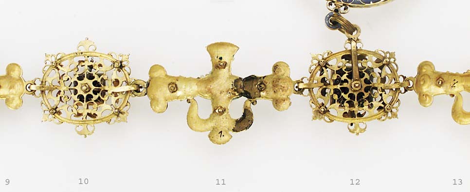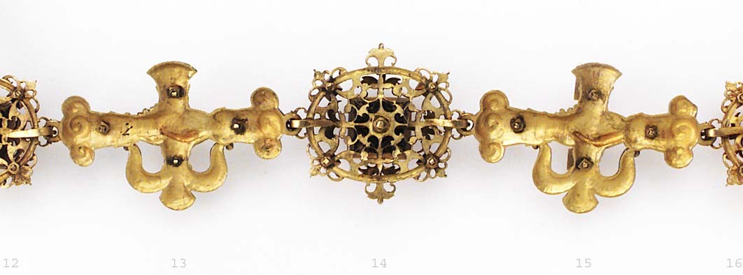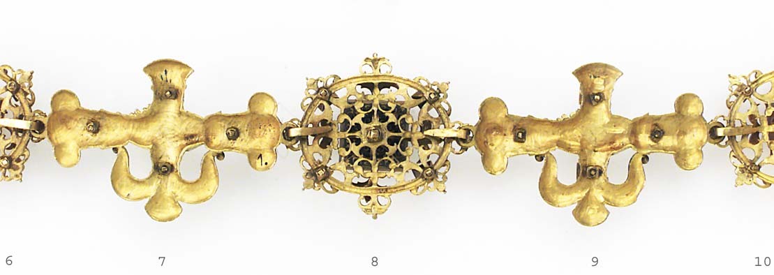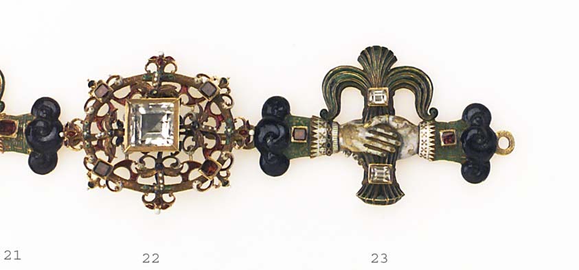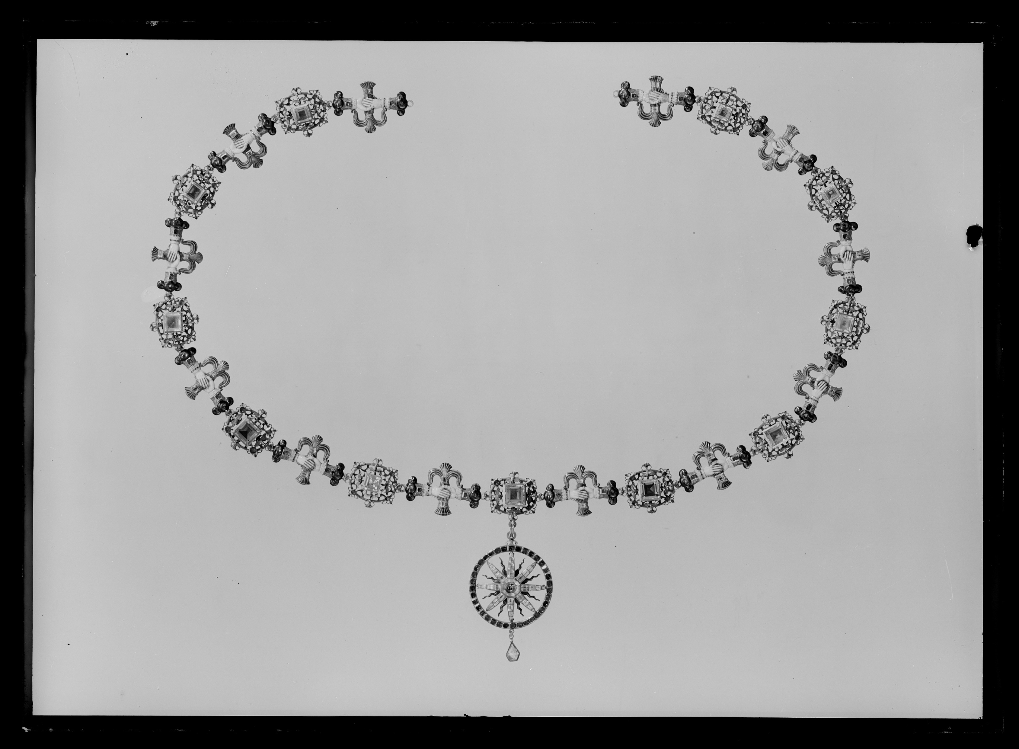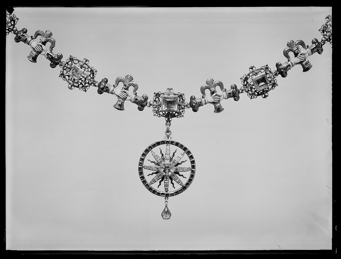 Sammansatt av 23 länkar av guld, emalj och besatt med bergkristall och granater. Elva ovala länkar i rikt genombrutet arbete ned dekor i vit, röd, ljusblå, mörkblå och svart emalj. På varje länk en taffelslipad bergkristall, bredd: 14-19 mm, samt 4 mindre granater (1 granat utfallen ur sin fattning, saknas, 1 granat med fattning saknas). Tolv länkar av drivet guld och emalj, föreställande ett handslag, en vit mans- och en vit kvinnohand fattar om en grönemaljerad vase, armarna grönemaljerade med vita manschetter och kommande ut ur blåemaljerade moln. På varje arm en granat, på varje vase två bergkristaller (2 granater utfallna ur fattningarna och saknas). Stenarnas fattningar fastskruvade på baksidan av länkarna. I ändarna på länkarna med vasen öglor, på de andra hakar. Troligen buren av Karl IX vid kröningen i Uppsala 1607-03-15. Anmärkning: En oval länk med hake saknas möjligen, då kedjan ej går att häkta ihop. Tre granater urfallna ur fattningarna och saknas, en granat med fattning saknas.
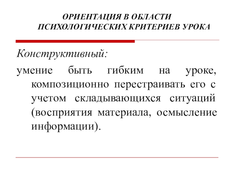 Слайд 26ОРИЕНТАЦИЯ В ОБЛАСТИ ПСИХОЛОГИЧЕСКИХ КРИТЕРИЕВ УРОКА
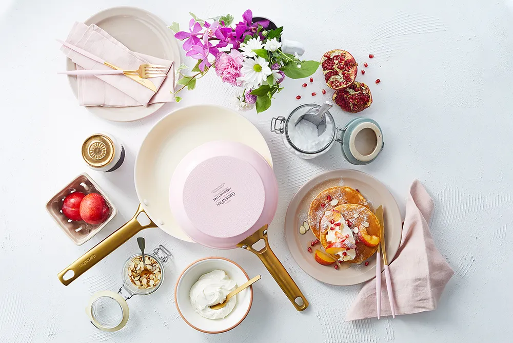 阪神梅田本店7階の「グッドキッチンカンパニー」では、キッチンにあるだけで華やぐ、そのまま食卓に出してもさまになるフライパンが登場。熱伝導に優れたこびりつきにくい仕様で、調理時間が楽しくなります。
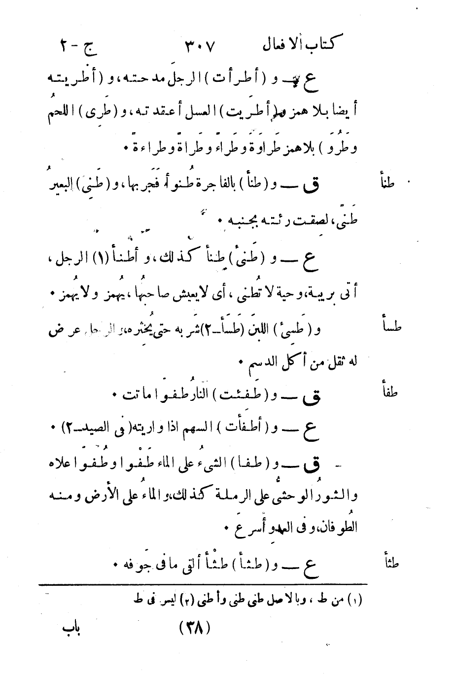 ع - و"طَنئ" طنأ كذلك وأطنأ1 الرجل أتى بريبة وحية لا تُطنى أي لا يعيش صاحبُها يُهمز ولا يُهمز.
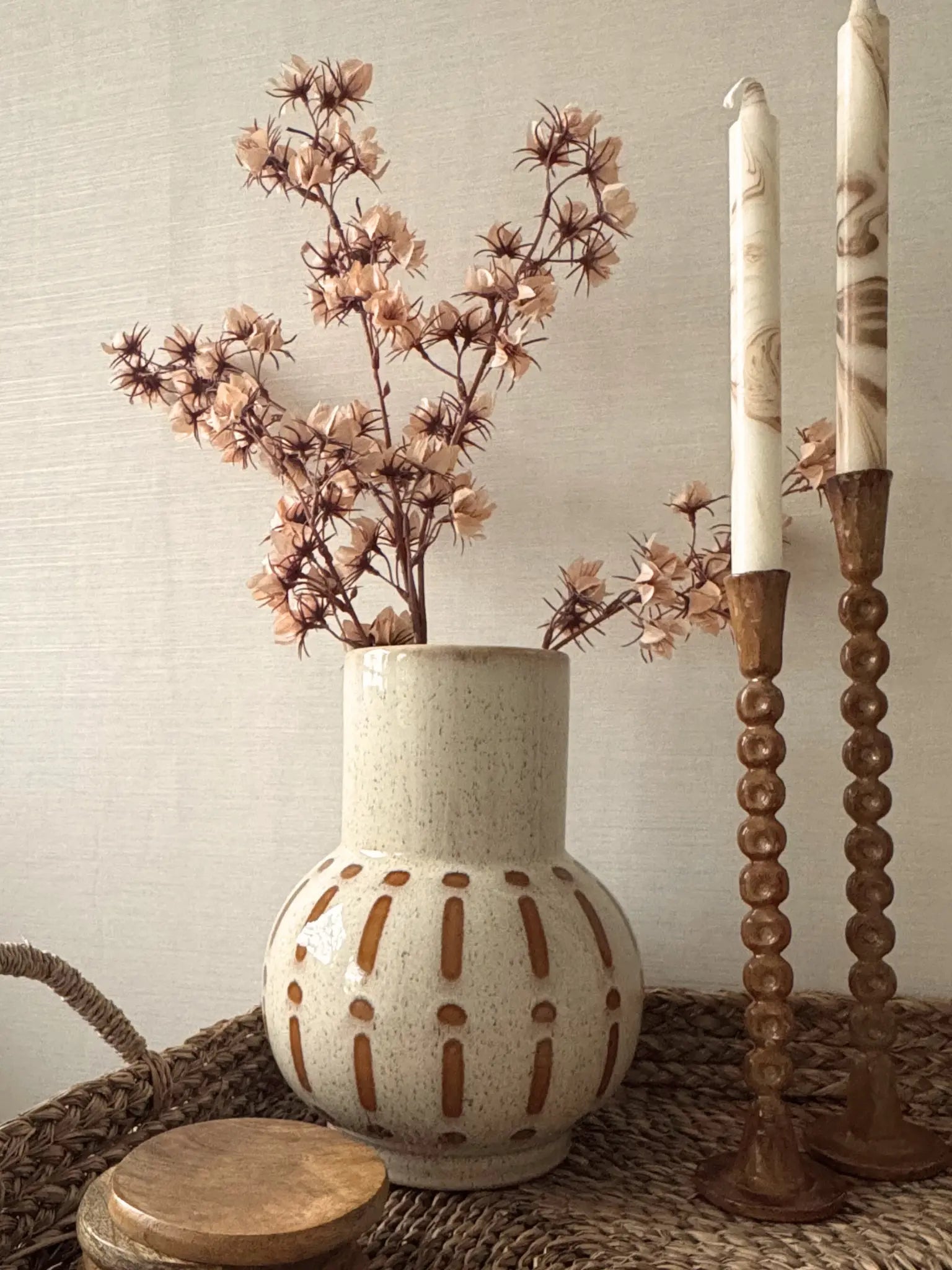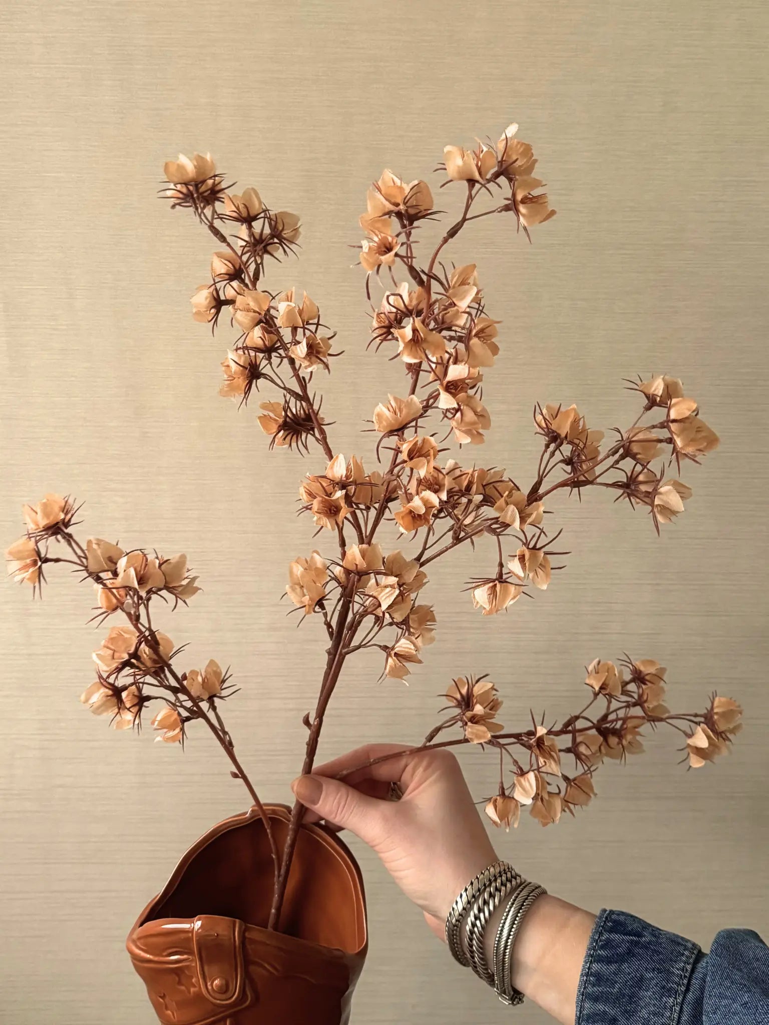 Deze kunstbloem van Clayre en Eef geeft je interieur een warme en zachte uitstraling. De combinatie van roze en bruin zorgt voor een natuurlijke en elegante look die mooi past in een vaas op een dressoir, tafel of in een gezellig hoekje. Met zijn lange, slanke vorm valt hij subtiel op en brengt hij meteen sfeer in huis. De bloem heeft geen onderhoud nodig en blijft jaar na jaar mooi van kleur, ideaal als je houdt van rustige tinten met een warm accent.

- - -

What is needed — The records above are to be restated exactly, without their pictures.

Finished task —
 Sammansatt av 23 länkar av guld, emalj och besatt med bergkristall och granater. Elva ovala länkar i rikt genombrutet arbete ned dekor i vit, röd, ljusblå, mörkblå och svart emalj. På varje länk en taffelslipad bergkristall, bredd: 14-19 mm, samt 4 mindre granater (1 granat utfallen ur sin fattning, saknas, 1 granat med fattning saknas). Tolv länkar av drivet guld och emalj, föreställande ett handslag, en vit mans- och en vit kvinnohand fattar om en grönemaljerad vase, armarna grönemaljerade med vita manschetter och kommande ut ur blåemaljerade moln. På varje arm en granat, på varje vase två bergkristaller (2 granater utfallna ur fattningarna och saknas). Stenarnas fattningar fastskruvade på baksidan av länkarna. I ändarna på länkarna med vasen öglor, på de andra hakar. Troligen buren av Karl IX vid kröningen i Uppsala 1607-03-15. Anmärkning: En oval länk med hake saknas möjligen, då kedjan ej går att häkta ihop. Tre granater urfallna ur fattningarna och saknas, en granat med fattning saknas.
 Слайд 26ОРИЕНТАЦИЯ В ОБЛАСТИ ПСИХОЛОГИЧЕСКИХ КРИТЕРИЕВ УРОКА
 阪神梅田本店7階の「グッドキッチンカンパニー」では、キッチンにあるだけで華やぐ、そのまま食卓に出してもさまになるフライパンが登場。熱伝導に優れたこびりつきにくい仕様で、調理時間が楽しくなります。
 ع - و"طَنئ" طنأ كذلك وأطنأ1 الرجل أتى بريبة وحية لا تُطنى أي لا يعيش صاحبُها يُهمز ولا يُهمز.
 Deze kunstbloem van Clayre en Eef geeft je interieur een warme en zachte uitstraling. De combinatie van roze en bruin zorgt voor een natuurlijke en elegante look die mooi past in een vaas op een dressoir, tafel of in een gezellig hoekje. Met zijn lange, slanke vorm valt hij subtiel op en brengt hij meteen sfeer in huis. De bloem heeft geen onderhoud nodig en blijft jaar na jaar mooi van kleur, ideaal als je houdt van rustige tinten met een warm accent.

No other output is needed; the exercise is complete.